The work to repair the damage done to Dante’s home when Tate’s men broke in is done and Dante’s eager to show me the finished product. He promises the house looks nothing like it did before, and my excitement matches his as we speed through the countryside on the way to the estate.
“I thought you said you were going to burn the house down to the ground,” I remind him.
He shakes his head. “I could never do that.” His gaze moves from the road to settle on me as we wind down the gravel road that leads to the house. “It’s the house where I spent my first few years with my mother before she passed. It’s the home where all my memories reside.”
“The house where we’ll make many more memories?” I ask. I’d like nothing better than to move away from the city and into the house that started my love affair with Dante Accardi.
“You never did tell me whose room you put me in.”
“That room belonged to my brother Rollo,” he says, and I’m momentarily stunned into silence. Dante never speaks of Rollo.

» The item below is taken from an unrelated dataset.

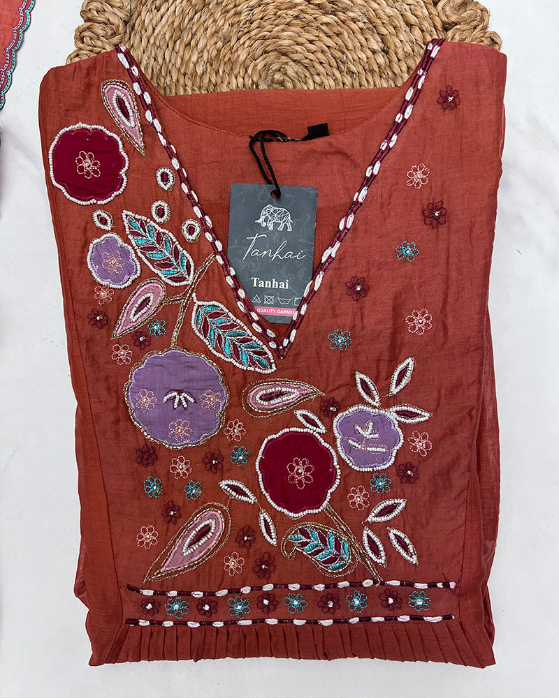Rust Orange Color Mal Cotton Three Piece Kurti Suit

I never even knew he had a brother until I read the letter my father left in his will.
“You never mentioned him,” I whisper, my eyes never wavering from him. Even when we drive up to the house and he switches off the motor, I make no move to exit the car, so engrossed am I in watching every little emotion on his face.

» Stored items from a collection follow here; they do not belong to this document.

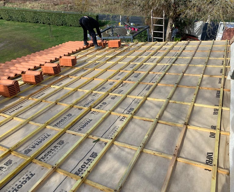 Installation de Toitures : Que vous construisiez une maison neuve ou que vous rénoviez une toiture existante, nous vous offrons une pose de toiture impeccable, adaptée à vos besoins et aux spécificités de votre bâtiment. Nous travaillons avec une large gamme de matériaux de qualité supérieure, tels que les tuiles, ardoises, zinc, ou bacs acier, pour garantir une protection optimale et une longévité accrue.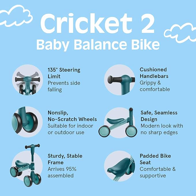 • COMFORT & CONTROL: Ergonomic handlebars and padded seat ensure cozy rides on this toddler bike, while the design helps develop balance - a must-have among 1-year-old girl gifts and toddler toys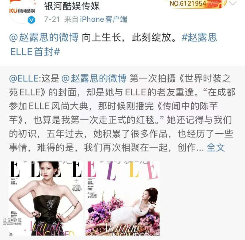 而锦观实验室记者搜索发现,银河酷娱最近发文是赵露思杂志封面,未有新的更新内容。

“It’s not easy for me to talk about him.” Dante stares through the windscreen, but his mind is trapped somewhere in a past he cannot let go of. And even though he says he doesn’t like to talk about it, I feel like I have to talk to him about this. I want to know, need to know. With every fiber of my being, I need to know each and every event that’s shaped his life and made him who he is today. How can I not?
“He was older?” I ask him. He nods, swallowing past a lump in his throat as he tells me that Rollo had been four years older than him. He exits the car and comes around to my side, opens the door and holds out his hand to me.
“Come on,” he smiles, and I’m disarmed by his beauty as I stare up at him, watching him push his hair back off his forehead. It doesn’t matter how hard he tries to style his hair back, it somehow always seems to make its way across his forehead to fall in a jagged streak over one eye.